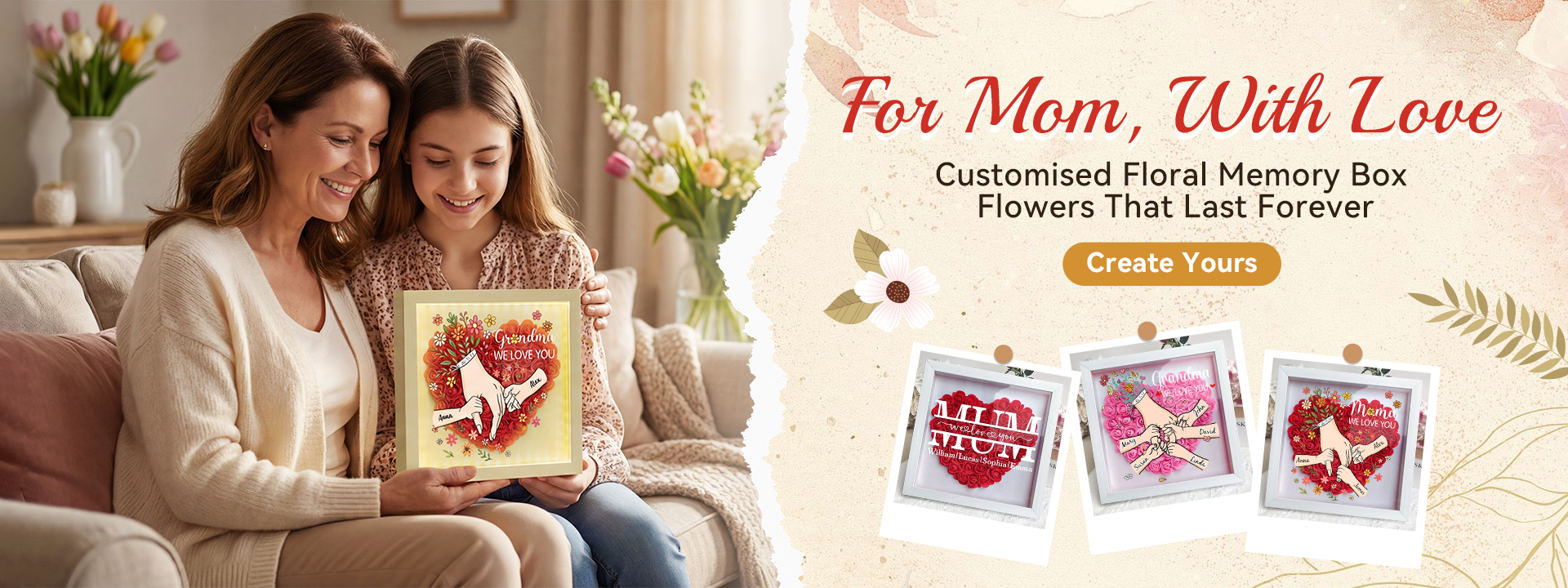 Mom Gift We Love You - Personalized Flower Shadow Box
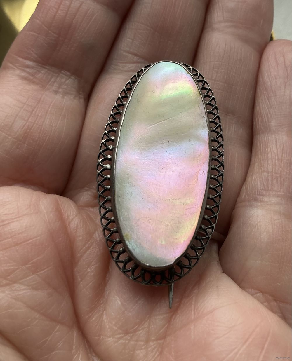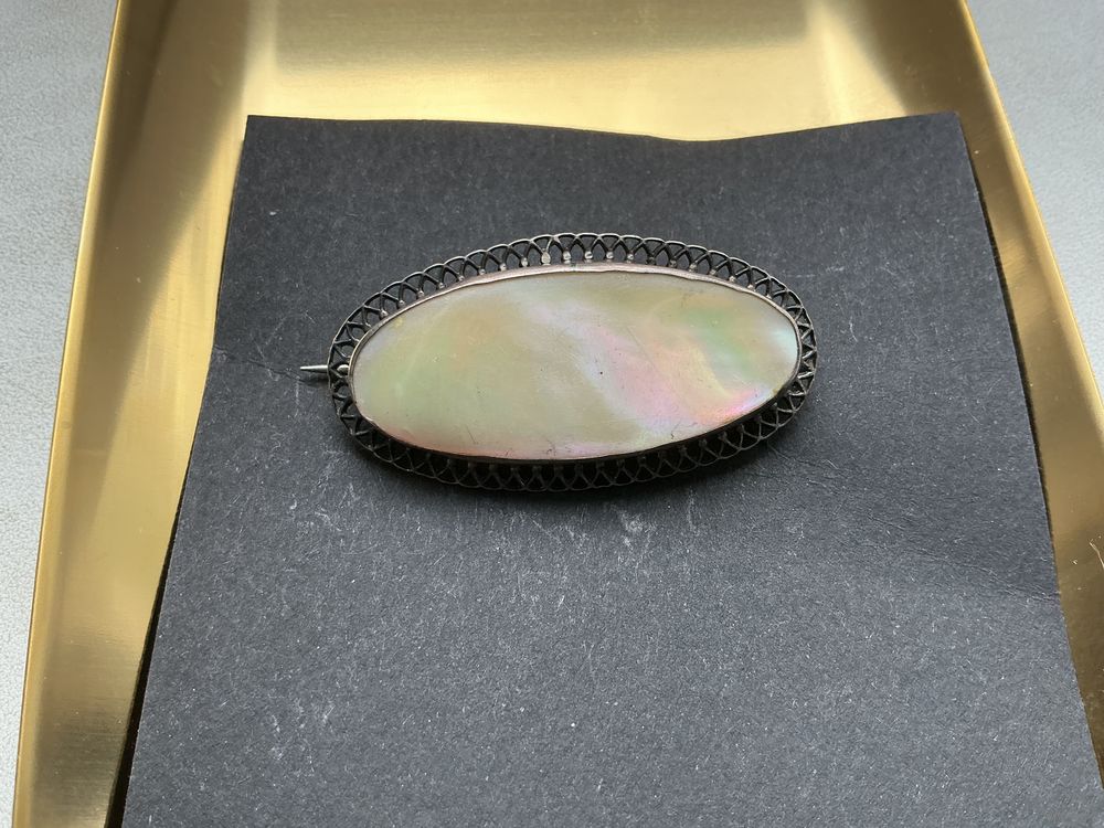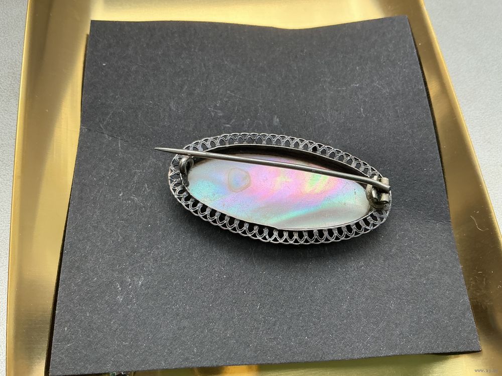 Красивая антикварная брошь , вставка натуральный перламутр, оправа серебро, застёжка С- образная, 4,5 см х 2,3 см
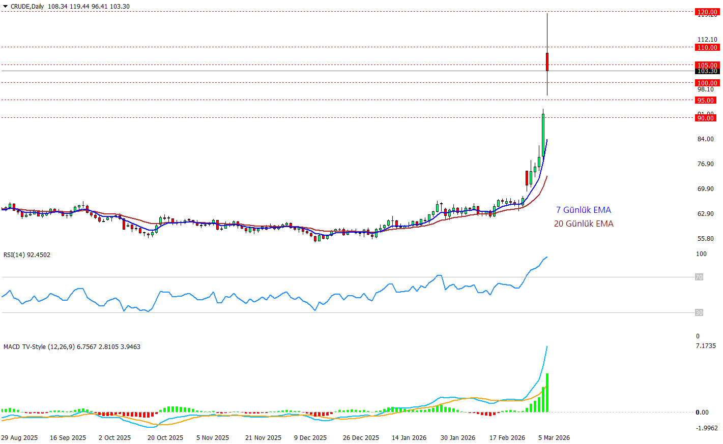 Teknik tarafta da incelediğimizde grafik bu panik alımının bütün izlerini taşıyor fiyat çok kısa sürede 7 ve 20 günlük EMA’lardan sert biçimde uzaklaşmış, RSI 91 seviyesine tırmanarak aşırı alım bölgesinin de ötesine geçmiş ve MACD güçlü momentum üretmiş durumda bu, ana eğilimin yukarı olduğunu söylüyor. Ama mumun yapısı ilginç çünkü119.44’e kadar uzanan sert yükseliş sonrası fiyatın yaklaşık 100 dolar civarına geri çekilmesi, yukarıda çok kuvvetli satış ve kar realizasyonu geldiğini gösteriyor yani piyasa henüz 120 dolar seviyelerini kabul etmiyor. Ama şuan fiyat 100 dolardan destek bulmaya çalışıyor her ne kadar ara ara 99 dolara gerilese de fiyat kendini 100 dolar üstüne atabiliyor o yüzden ara ara 99-98 dolara gerilemesi net bir kırılım olarak okunmamalı.

• What to do
Would you retype all the material above exactly, apart from its pictures?

• Task solution
 Mom Gift We Love You - Personalized Flower Shadow Box
 Красивая антикварная брошь , вставка натуральный перламутр, оправа серебро, застёжка С- образная, 4,5 см х 2,3 см
 Teknik tarafta da incelediğimizde grafik bu panik alımının bütün izlerini taşıyor fiyat çok kısa sürede 7 ve 20 günlük EMA’lardan sert biçimde uzaklaşmış, RSI 91 seviyesine tırmanarak aşırı alım bölgesinin de ötesine geçmiş ve MACD güçlü momentum üretmiş durumda bu, ana eğilimin yukarı olduğunu söylüyor. Ama mumun yapısı ilginç çünkü119.44’e kadar uzanan sert yükseliş sonrası fiyatın yaklaşık 100 dolar civarına geri çekilmesi, yukarıda çok kuvvetli satış ve kar realizasyonu geldiğini gösteriyor yani piyasa henüz 120 dolar seviyelerini kabul etmiyor. Ama şuan fiyat 100 dolardan destek bulmaya çalışıyor her ne kadar ara ara 99 dolara gerilese de fiyat kendini 100 dolar üstüne atabiliyor o yüzden ara ara 99-98 dolara gerilemesi net bir kırılım olarak okunmamalı.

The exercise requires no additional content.